MATERIALS PROVIDED:
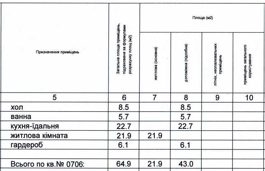 Площа — 64,9 м²
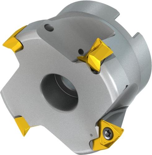 Eck-und Planfräser mit doppelt negativer Geometrie welche 4 aus TNGX 1606.. doppelseitige Wendeschneidplatte · Schneiddurchmesser 63mm mit 90° Anfahrwinkel und 22mm Bohrung gemäß DIN 8030-A · 40mm Einsatzlänge · durchgehende Kühlung und ungleicher Teilung zum Planfräsen · flachen Schulterfräsen · flachen Nutfräsen und Spiralfräsen in vorbearbeiteten Löchern
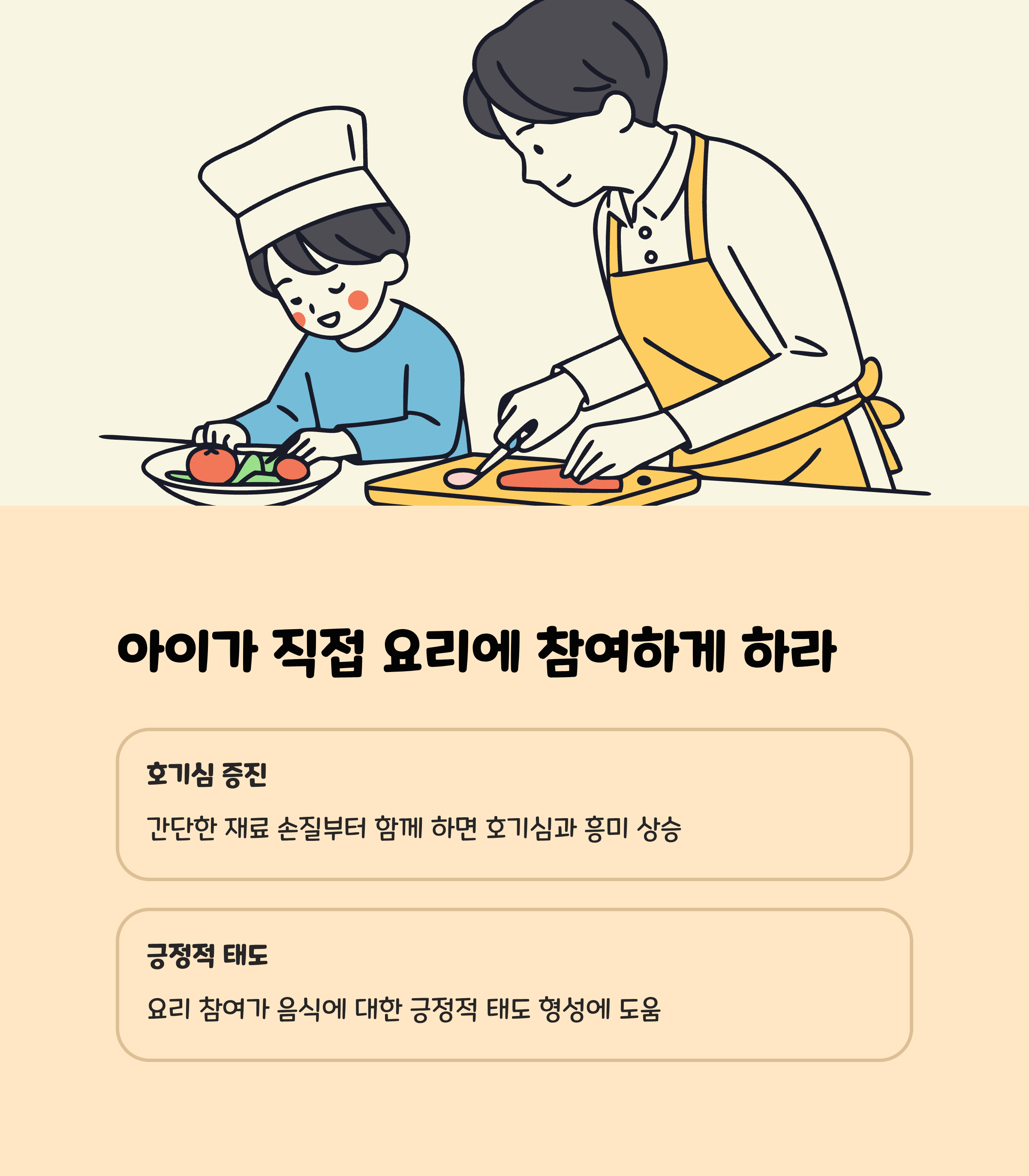 • 자율성 존중: 식사 준비와 음식 선택에 아이가 참여하게 하여 호기심과 흥미를 유발합니다.
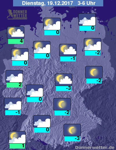 In der folgenden Nacht zeigt sich von Bayern, über Thüringen, Sachsen bis Berlin-Brandenburg ein meist sternenklarer Nachthimmel. Oft stark bewölkt oder trüb ist es vom Südwesten bis in den Westen Deutschlands, dazu bleibt es trocken. In den übrigen Landesteilen ist es teils aufgelockert, gebietsweise aber auch stark bewölkt, jedoch überall trocken. Die Temperatur sinkt auf 4 Grad an der Nordsee und bis -3 Grad im Umland von München.
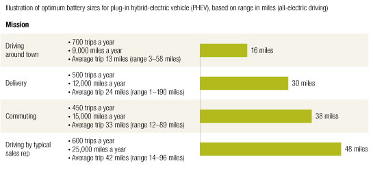 A segmentation by mission frees consumers from the need to pay for bigger cars and batteries than they actually need. Depending on how consumers use their vehicles, the battery size requirements (and thus upfront capital costs) and operating economics can vary quite substantially. The optimal battery size required for a plug-in hybrid driven around town is one-quarter that required by a sales rep.1 More important, the cost of the batteries is in proportion to their size—and at today’s current battery cost of $750 or so per kilowatt hour, size can translate into significant savings, sometimes many thousands of dollars. One implication is that companies offering only a plug-in hybrid with, for example, 40 miles of all-electric range may be undercut by manufacturers of much less expensive vehicles with just 10 or 20 miles of electric range and only marginally higher operating costs. This is because it is much less expensive to use gasoline to cover infrequent trips that exceed a PHEV’s all-electric range than to carry “spare” battery capacity.
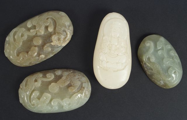 Lot de quatre pendentifs ou éléments en jade ou serpentine, à décor de dragons et de guanyin. Chine XXème siècle. L. : 6 à 8,5 cm
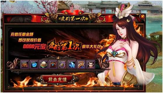 活动介绍:充值任意金额,即可获得价值8888元宝爱的第一次豪华大礼包
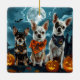 Unleash the spooky spirit with this eerie Halloween design featuring a pack of dogs under a dark, moonlit sky, surrounded by flying bats and glowing pumpkins. Perfect for those who love a touch of frightful fun with their furry friends!
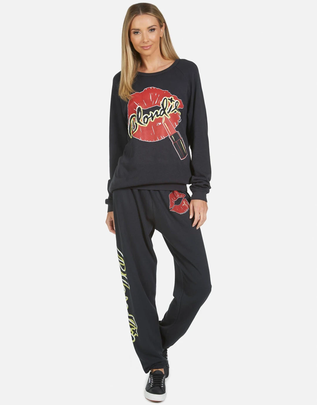Blondie Kiss Printed on Ultra Soft Lightweight Pullover in Onyx by Lauren Moshi.
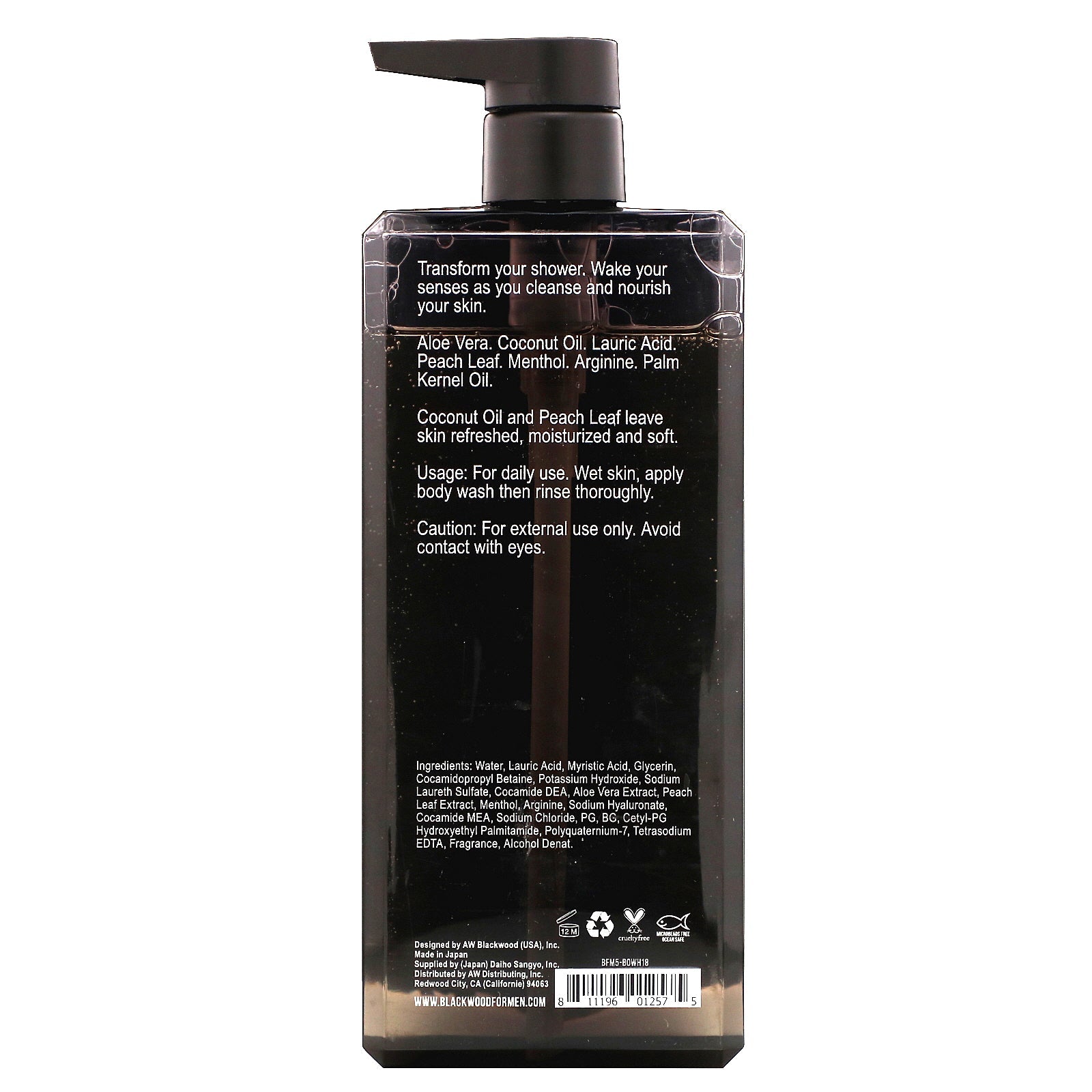 Designed to Cleanse, Restore & Protect Men's Skin Menthol to Invigorate, Cool & Clarify Aloe Vera & Coconut Oil to Moisturize & Heal Peach Leaf to Stimulate Cell Repair Arginine to Fight Wrinkles & Damage Pump Dispenses Only What You N
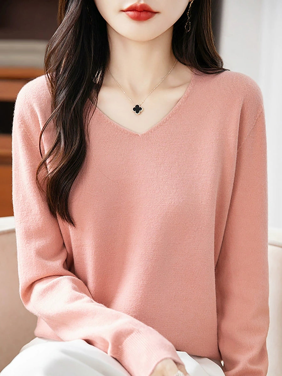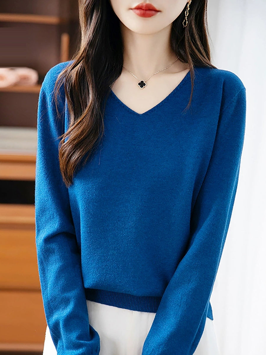 Vorpeysa með V-hálsmáli fyrir konur, frjálslegur og hreinn litur

EXERCISE DETAILS: All of the preceding material should be output verbatim, with the pictures excluded.

RESPONSE:
 Площа — 64,9 м²
 Eck-und Planfräser mit doppelt negativer Geometrie welche 4 aus TNGX 1606.. doppelseitige Wendeschneidplatte · Schneiddurchmesser 63mm mit 90° Anfahrwinkel und 22mm Bohrung gemäß DIN 8030-A · 40mm Einsatzlänge · durchgehende Kühlung und ungleicher Teilung zum Planfräsen · flachen Schulterfräsen · flachen Nutfräsen und Spiralfräsen in vorbearbeiteten Löchern
 • 자율성 존중: 식사 준비와 음식 선택에 아이가 참여하게 하여 호기심과 흥미를 유발합니다.
 In der folgenden Nacht zeigt sich von Bayern, über Thüringen, Sachsen bis Berlin-Brandenburg ein meist sternenklarer Nachthimmel. Oft stark bewölkt oder trüb ist es vom Südwesten bis in den Westen Deutschlands, dazu bleibt es trocken. In den übrigen Landesteilen ist es teils aufgelockert, gebietsweise aber auch stark bewölkt, jedoch überall trocken. Die Temperatur sinkt auf 4 Grad an der Nordsee und bis -3 Grad im Umland von München.
 A segmentation by mission frees consumers from the need to pay for bigger cars and batteries than they actually need. Depending on how consumers use their vehicles, the battery size requirements (and thus upfront capital costs) and operating economics can vary quite substantially. The optimal battery size required for a plug-in hybrid driven around town is one-quarter that required by a sales rep.1 More important, the cost of the batteries is in proportion to their size—and at today’s current battery cost of $750 or so per kilowatt hour, size can translate into significant savings, sometimes many thousands of dollars. One implication is that companies offering only a plug-in hybrid with, for example, 40 miles of all-electric range may be undercut by manufacturers of much less expensive vehicles with just 10 or 20 miles of electric range and only marginally higher operating costs. This is because it is much less expensive to use gasoline to cover infrequent trips that exceed a PHEV’s all-electric range than to carry “spare” battery capacity.
 Lot de quatre pendentifs ou éléments en jade ou serpentine, à décor de dragons et de guanyin. Chine XXème siècle. L. : 6 à 8,5 cm
 活动介绍:充值任意金额,即可获得价值8888元宝爱的第一次豪华大礼包
 Unleash the spooky spirit with this eerie Halloween design featuring a pack of dogs under a dark, moonlit sky, surrounded by flying bats and glowing pumpkins. Perfect for those who love a touch of frightful fun with their furry friends!
Blondie Kiss Printed on Ultra Soft Lightweight Pullover in Onyx by Lauren Moshi.
 Designed to Cleanse, Restore & Protect Men's Skin Menthol to Invigorate, Cool & Clarify Aloe Vera & Coconut Oil to Moisturize & Heal Peach Leaf to Stimulate Cell Repair Arginine to Fight Wrinkles & Damage Pump Dispenses Only What You N
 Vorpeysa með V-hálsmáli fyrir konur, frjálslegur og hreinn litur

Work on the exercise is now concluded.